"If you want your children to be intelligent, read them fairy tales. If you want them to be more intelligent, read them more fairy tales." Albert Einstein

09 June 2014

Big Fat Disaster


Fehlbaum, Beth. Big Fat Disaster. Merit Press, 2014.

Colby's the odd man out in her picture-perfect family. Her older sister has a full-ride scholarship to college, her little sister is the cookie-cutter image of her mother, and her father is running for a seat in the senate. But when it is discovered that her father stole money from his campaign to fund his relationship with another woman, Colby's life falls apart. Colby, her mother, and her younger sister have to move into a trailer behind her aunt's house, and Colby's habit of drowning her feelings with food spirals out of control. When some bullies use YouTube to humiliate Colby, she has to decide whether she will continue to be the "big fat disaster" her mom calls her.

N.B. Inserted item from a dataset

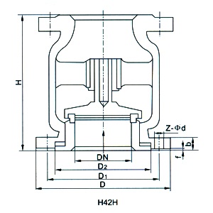 H42H、H42W立式止回閥正常處于關閉狀態(tài),由于管線中進口端介質的壓力作用,而克服彈簧阻力使閥門開啟。當進口端介質壓力低于出口端時,彈簧將閥芯推向閥座而使閥門關閉,阻止介質逆流,故起止回作用。

Wow. This book has a lot of issues all in one place. First, Colby's dad's infidelity and misuse of money - an issue which sets the story in motion but soon fades into the background. Second, Colby's mother is a mess. She is very similar to the other abusive moms so popular in young adult literature these days: deluded and controlling and obliviously cruel. Then we have Colby's aunt and cousin. Some football players at Colby's new school raped a girl at a party the year before, and her cousin reported them. Everyone at his school hates him for telling on the boys, and he hates Colby and her family because of the way they treated him afterwards [those passages really made me want to scream since they so perfectly echo the rape culture we're living in]. Then there's Colby. She's overweight and becoming more so because of her binge eating, which she does to hide from all the trauma around her. And she's bullied. So everything that she's dealing with really is a "big, fat disaster."

The thing I most appreciated about this story is that at the end, when Colby decided to take charge of her life and face her problems, the book didn't resolve with Colby losing a ton of weight and being accepted by everyone. In the end, she's still overweight, her mother is still evil and self-centered, and her dad is still facing prison charges, but Colby is owning up to her mess and acknowledging that she needs help.

Recommended for: teens, tweens
Red Flags: Colby attempts suicide twice, there is talk of the girl being raped the year before (with lots of victim-blaming thrown in); one of Colby's friends is bulimic and vomits in the school bathroom after lunch; language (in both English and Spanish)
Overall Rating: 4/5 stars

I received a complimentary copy of this book through NetGalley for the purposes of review.